04 Network Communication Which Network Io Model Does the Rpc Framework Lean More Towards in Network Communication

04 Network Communication - Which network IO model does the RPC framework lean more towards in network communication #

Hello, I’m He Xiaofeng. In the previous lesson, I explained serialization in the RPC framework. Through the previous lesson, we learned that since the data transmitted over the network is binary data, in order to transmit objects, we must serialize the objects. In the selection of serialization in the RPC framework, we pay more attention to the security, universality, and compatibility of the serialization protocol, and then consider the performance, efficiency, and space overhead of the serialization protocol. Continuing from the previous lesson, in this lesson, I will specifically explain the network communication in the RPC framework, which is also an important content that we emphasized in the introduction.

So, what is the role of network communication in RPC invocation?

I mentioned in [Lesson 01] that RPC is a way to solve inter-process communication. A single RPC invocation is essentially a process of exchanging network information between the service consumer and the service provider. The service caller sends a request message through network IO, the service provider receives and parses it, processes the relevant business logic, then sends a response message back to the service caller, and the service caller receives and parses the response message, and processes the relevant response logic, thus ending a RPC invocation. It can be said that network communication is the foundation of the entire RPC invocation process.

Common network IO models #

When it comes to network communication, we have to mention network IO models. Why talk about network IO models? Because the so-called network communication between two PCs is actually the operation of network IO between the two PCs.

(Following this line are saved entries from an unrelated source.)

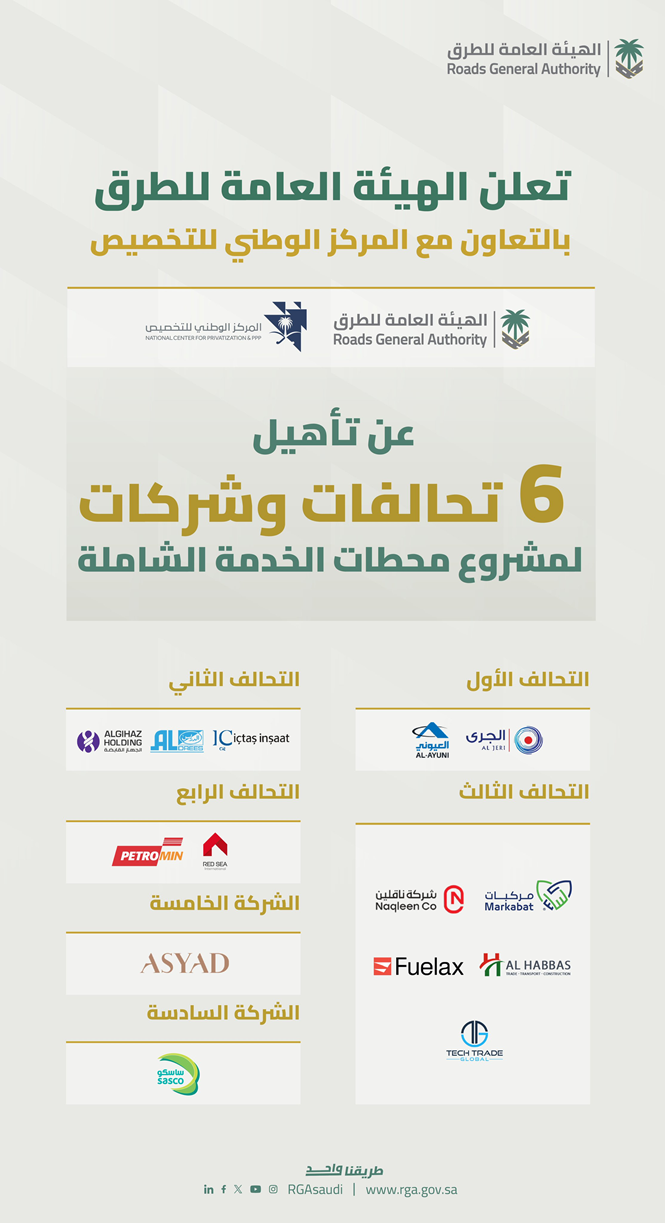 أعلنت الهيئة العامة للطرق، بالتعاون مع المركز الوطني للتخصيص، عن أسماء التحالفات والشركات التي تأهلت للمنافسة على مشروع محطات الخدمة الشاملة في مختلف مناطق المملكة العربية السعودية.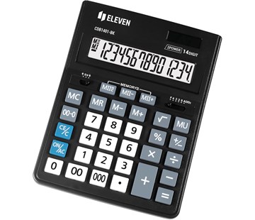 Stolní kalkulačka: 14 mísný displej, 4 tlačítka paměti : MC, MR, M+, M-, výpočet marže [MU], Zaokrouhlování, Odmocnina [?], Dvě paměti [MII], Změna [+/-], Desetinná čárka, Procenta [%], Dvojitá nula [00], Dvojí napájení: battery & solar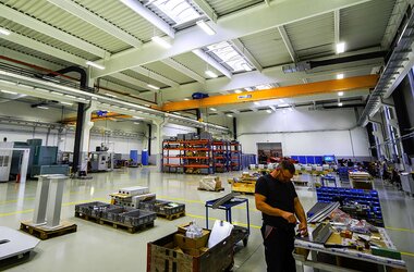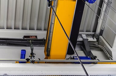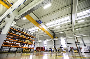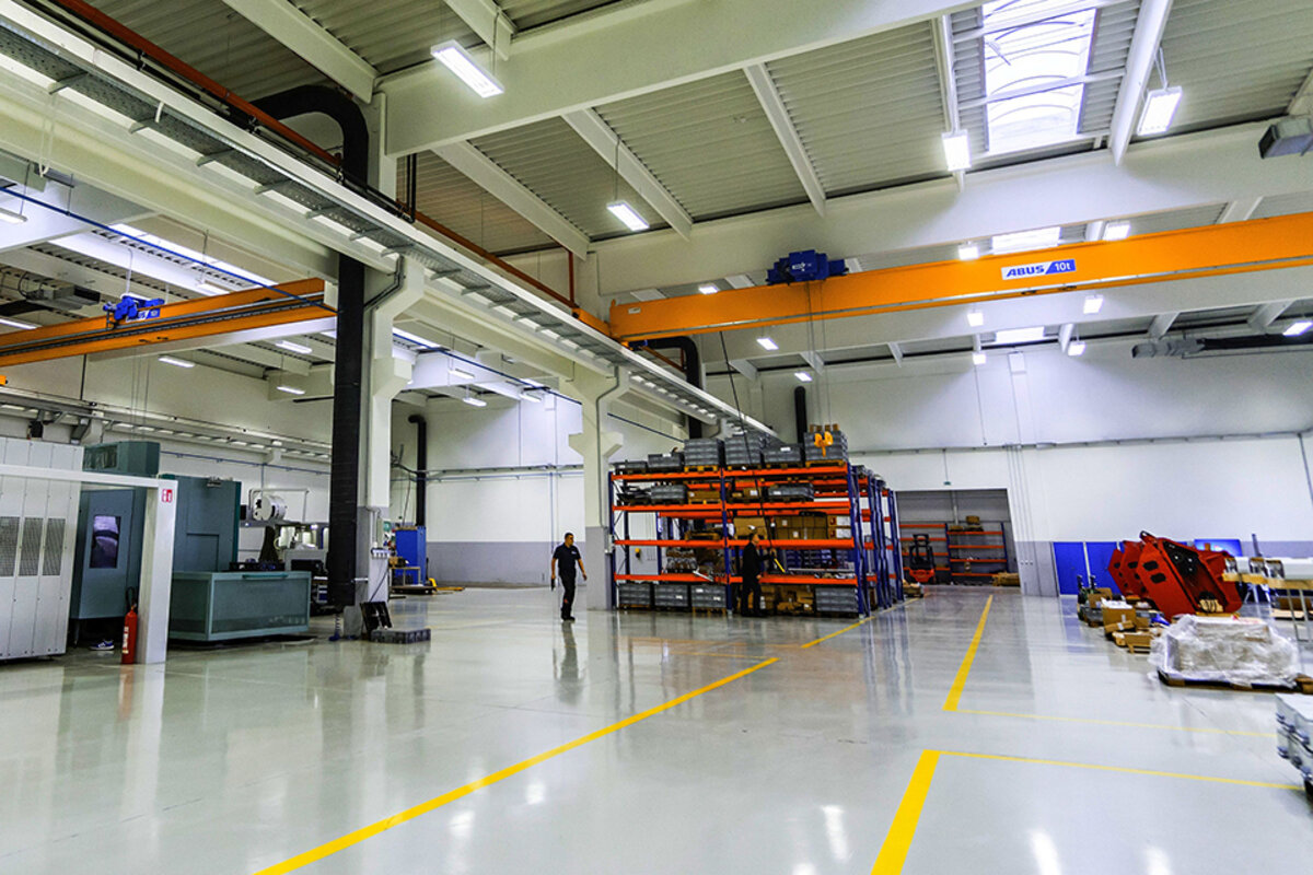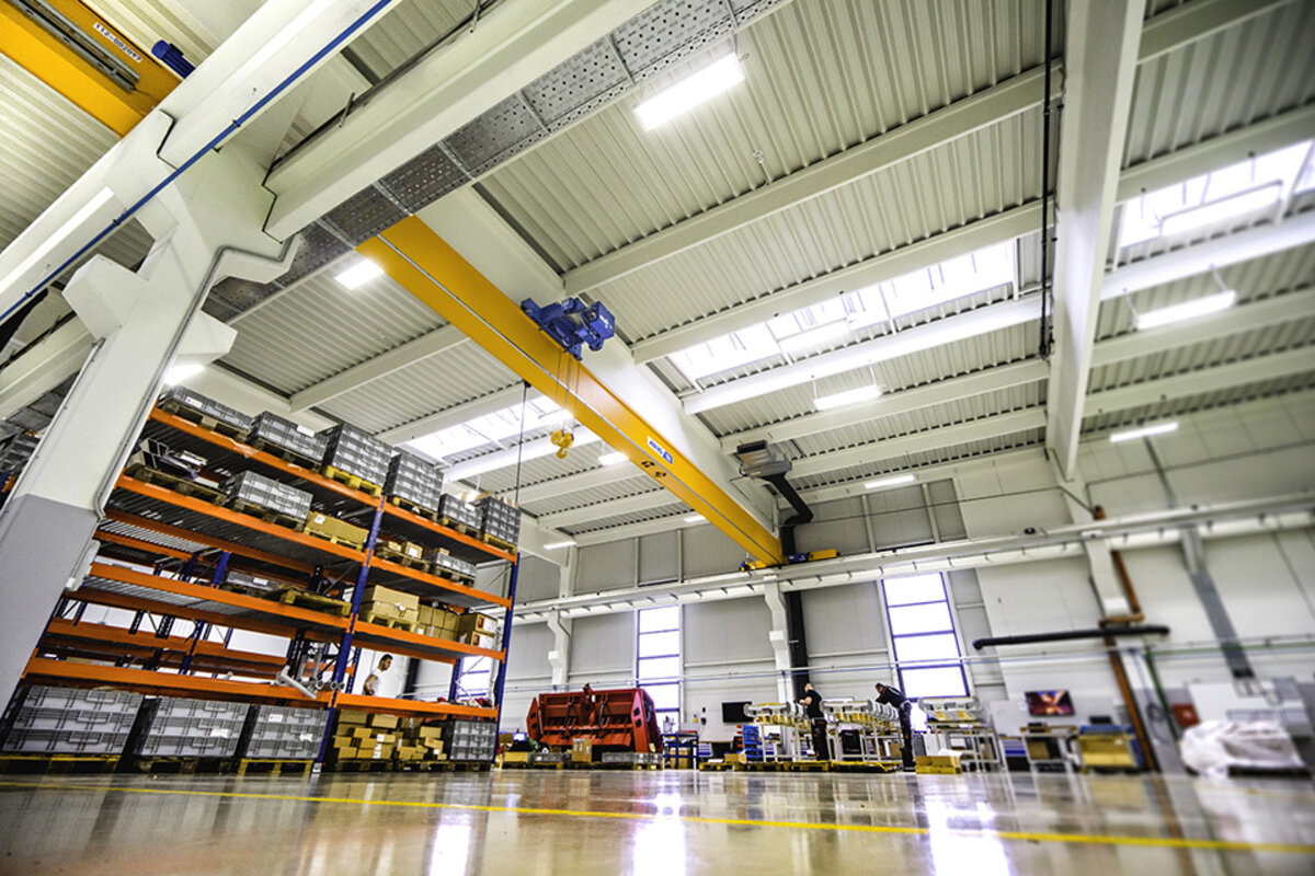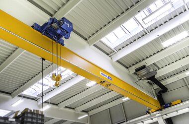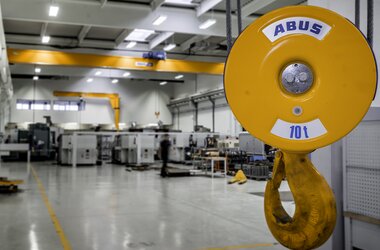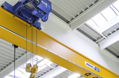 One single girder EOT crane of the ELS type each was installed in each of the three production and installation buildings. All three cranes have lifting capacities of 10 tonnes and spans of 18.85 metres. These cranes met the investor’s request to use cranes with one main girder only while reaching maximum lifting height at the same time. The crane type ELS is characterised by a torsionally rigid welded box girder. In case of 10 tonnes SWL this girder could theoretically be as long as 34 metres. The maximum use of the lifting height is achieved by lateral rope lead-off. The investor was able to make savings in the construction thanks to the use of specific technical solutions offered by ABUS and the available surface of the production plant was made optimal use of.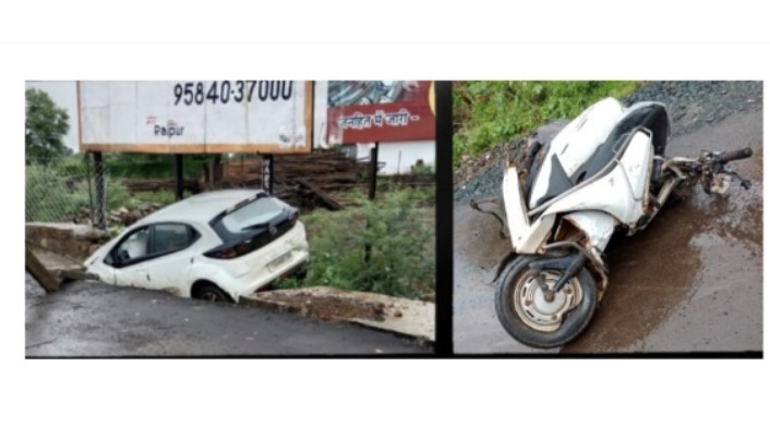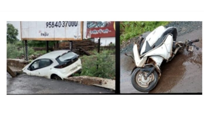 बालोद :- नशे से धुत कार चालक ने स्कूटी चालक को मारी टक्कर । सूत्रों के अनुसार कार चालक बुरी तरह से नशे से धुत तथा गलत दिशा में चलाने के कारण स्कूटी चालक को अपने चपेट में लेकर घसीटते हुए कुछ दूरी ले गया । युवती बालोद जिले के झलमला ऋषिका चौरसिया उम्र 20 वर्ष बुरी तरह से घायल हो गई । बालोद जिला अस्पताल में प्राथमिक उपचार के बाद हायर सेंटर रेफर किया गया । पुलिस को घटना की जानकारी मिलते ही पुलिस घटना स्थल पहुंचकर नशे से धुत कार चालक को अपना पहचान पूछने पर वहा बताने लायक नही था । कार चालक को हिरासत में ले लिया आगे की कार्यवाही जारी हैं ।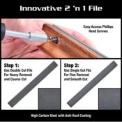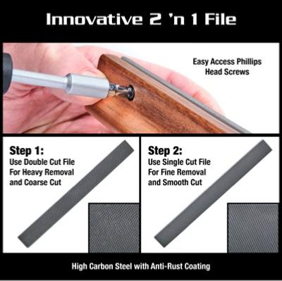 Notre lime de 6 pouces (15 cm) a un design 2 en 1, où un côté est à double coupe pour une élimination importante et une coupe grossière, tandis que l'autre côté de la lime est à simple coupe pour une élimination fine et une coupe lisse.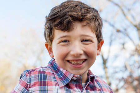Portrait of boy wearing checked shirt looking at camera smiling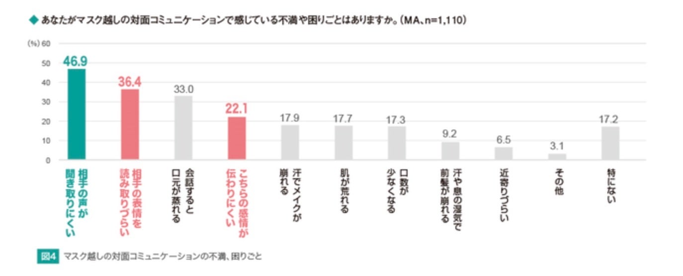 また、仕事を進める上でもリモートワークが主流となり、コミュニケーションの取り方は大きく変化しています。コロナ禍の代名詞となった「マスク着用」も企業での業務においても課題を残しました。株式会社マンダムの記事では、マスク着用によって起こる問題は「相手の声が聞きとりにくい」(46.9%)「相手の表情が読み取りづらい」(36.4%)や「こちらの感情が伝わりにくい」(22.1%)があげられています。
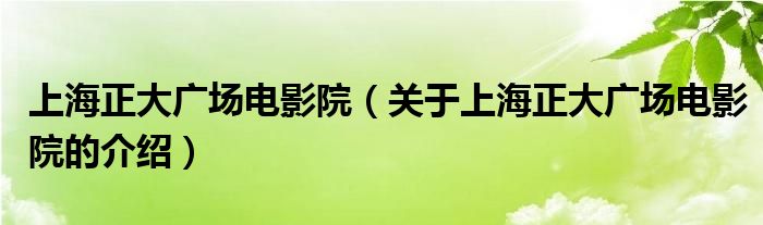 大家好,小新来为大家解答以上的问题。上海正大广场电影院,关于上海正大广场电影院的介绍很多人还不知道,现在让我们一起来看看吧!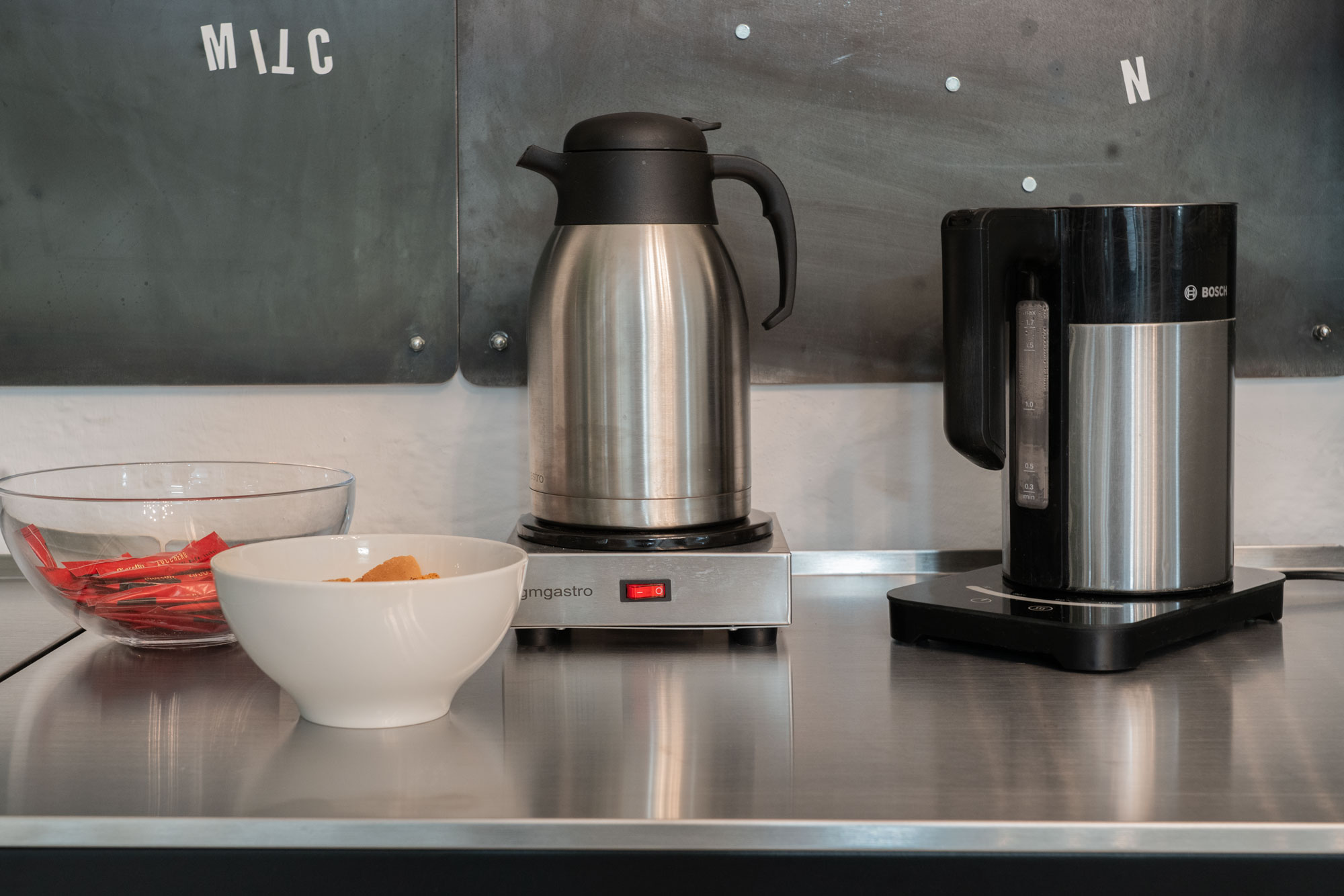 Ein produktiver Tag in einem Workshop Raum in München braucht die richtige Energie. In der Silberstreif Location sorgen wir dafür, dass es Ihren Teilnehmern an nichts fehlt. Säfte, Mineralwasser, frisch gebrühter Kaffee und verschiedene Tees sind bei uns bereits in der Getränkepauschale inbegriffen.

The common network IO models can be divided into four types: synchronous blocking IO (BIO), synchronous non-blocking IO (NIO), IO multiplexing, and asynchronous non-blocking IO (AIO). Among these four IO models, only AIO is asynchronous, while the others are synchronous.

Among them, the most commonly used ones are synchronous blocking IO and IO multiplexing. By understanding their mechanisms, you will get it. As for the other two IO models, they are not commonly used and will not be the focus of this lecture, but we can discuss them in the comments if you are interested.

Blocking IO #

Synchronous blocking IO is the simplest and most common IO model. By default, all sockets in Linux are blocking. Let’s take a look at the operation process.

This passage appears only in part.